It takes everything in me not to stop her. One word. One step. But I stand still—frozen by pride or fear, I’m not even sure which anymore.
Her footsteps echo as she walks away, steady and sure. No hesitation. No begging. No desperate glance over her shoulder.
And God help me—
I’ve never wanted to run after someone more.
My muscles tense, my fingers twitching at my sides like they might reach for her on their own. Blaze shifts beside me, restless, like he feels the tension in me.
The bay door creaks open. A gust of cold night air rushes in, carrying the promise incoming rain.
Then it clicks shut behind her with a finality that makes my heart echo.
And still, I stood there, because heartbreak and pride are both hell to climb through.
Chapter twenty-five
Kate
Inever knew a place could stay exactly the same and still feel so different.
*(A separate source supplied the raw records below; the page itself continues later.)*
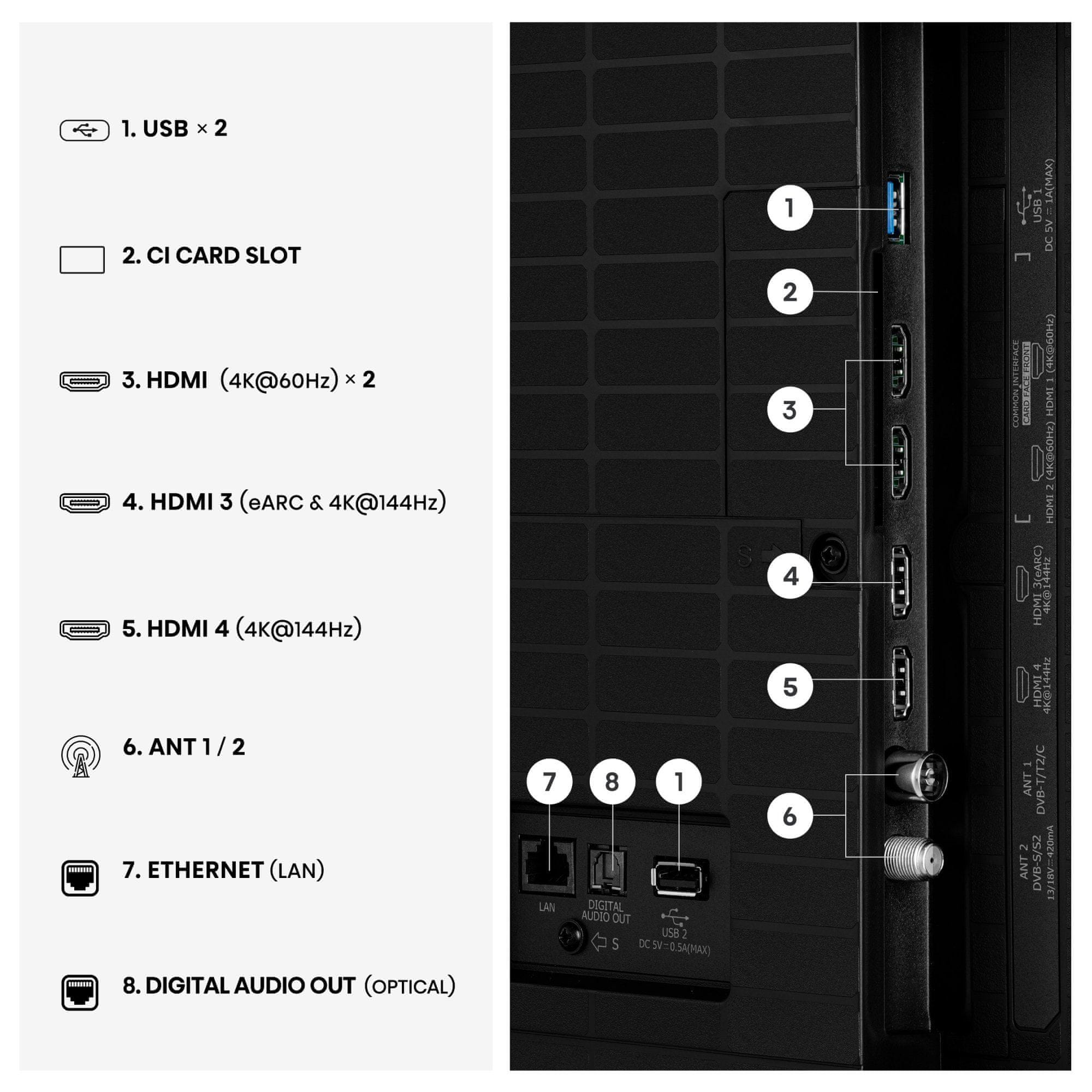 - Štirje HDMI 2.1 vhodi z ALLM, eARC in VRR (144 Hz)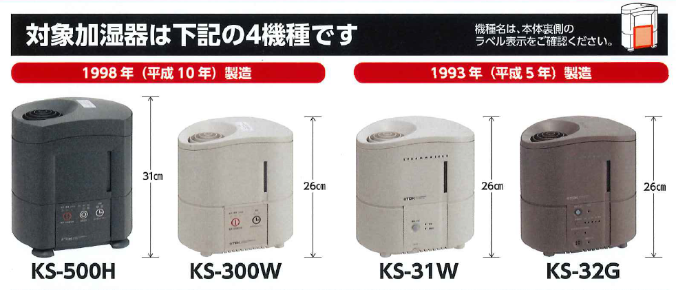 お持ちの加湿器のメーカー名・型番をいま一度ご確認のうえ、製品回収へのご協力をお願いします。
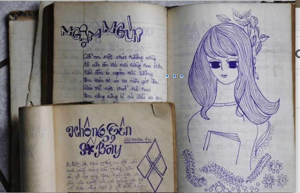 Ảnh Internet: Vở chép thơ nhạc KỶ NIỆM NGÀY XANH của 1 nữ sinh Trung học ở miền Nam trước 1975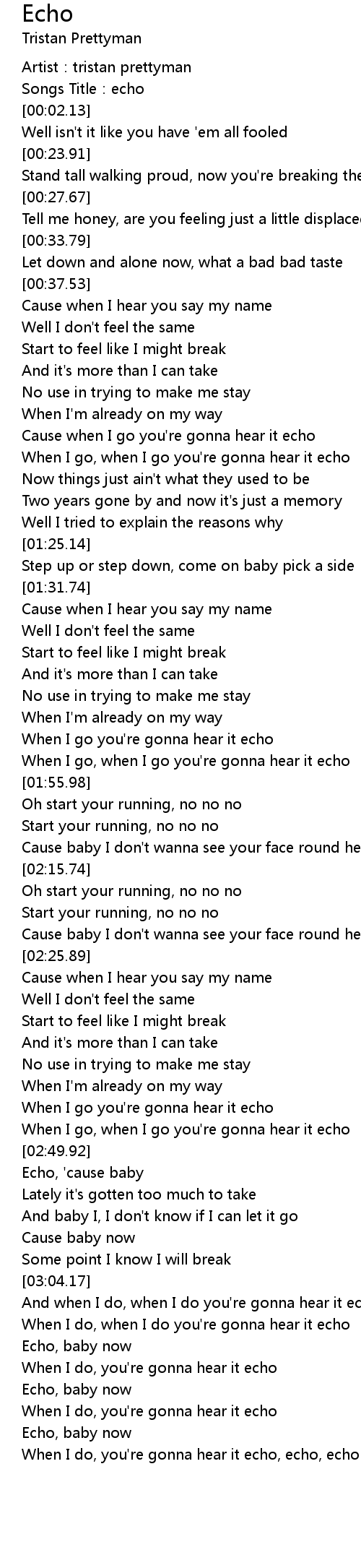 | [03:22.42] | When I do, you' re gonna hear it echo |

The gravel crunches under my pointed mules, like it does every day, but lately, it sounds is somehow louder. Sharper. Like it's trying to fill the silence Noah left behind.
Parker drags his feet beside me, his little hand sweaty in mine. His dinosaur backpack, bright green with faded stegosaurus spikes, bobs against his back with each sluggish step. The late afternoon sun paints the road in soft gold, and the light that usually feels warm and alive feels wrong.
The cottage comes into view, and automatically, my gaze goes to Noah’s driveway, and once again, his truck isn’t there. Again.
It has been fourteen days now. No texts. No random drop-ins. No Blaze trotting up the hill. And T-ball? He hasn’t shown up to a single practice.
I miss him. More than I’ve ever missed anyone. But I know he wants to be alone, so I don’t chase after him.
Parker stops walking just before I open the low gate, his grip tightening around my hand, “Mom?”
His voice is small, paper-thin, and shaking at the edges. I already know he’s about to ask the same question he’s been asking every day this week.
I swallow. My throat’s already starting to ache. “Yeah, baby?”
“Coach Noah isn’t here again.” He looks up at me, eyes wide and glassy. “Is he ever coming back?”
Goodness.
I crouch down in front of him, the gravel biting into my knees through my satin skirt. I push the hair from his forehead; he needs a trim again. His cheeks are still flushed from the walk, nose smudged with a bit of dirt. My sweet, messy boy.
“I don’t know, Parker,” I whisper, because I’ve run out of ways to lie to him gently. “I hope so.”
He chews his bottom lip, trying to hold it in. “Did I do something bad?”
I flinch, and I know he sees it even though I try to hide it. I pull him into me, pressing his small body against my chest, wishing I could absorb the ache and pain.
I realize I’ve underestimated how much Noah and Blaze have come to mean to Parker, and I blame myself for hurting the two people that mean the most to me in the world while trying to protect them.
“No, baby. Not even close.” My voice breaks. “You didn’t do anything wrong.”
He pulls back to look at me, his eyes searching my face. “Then why doesn’t he like me anymore? Why doesn’t he come home to play with me anymore?” His voice cracks, barely holding itself together.
Something twists low and mean in my gut. I brace myself against the sting.
“He does like you,” I say, clutching him tighter. “He loves you. He’s just… going through something.”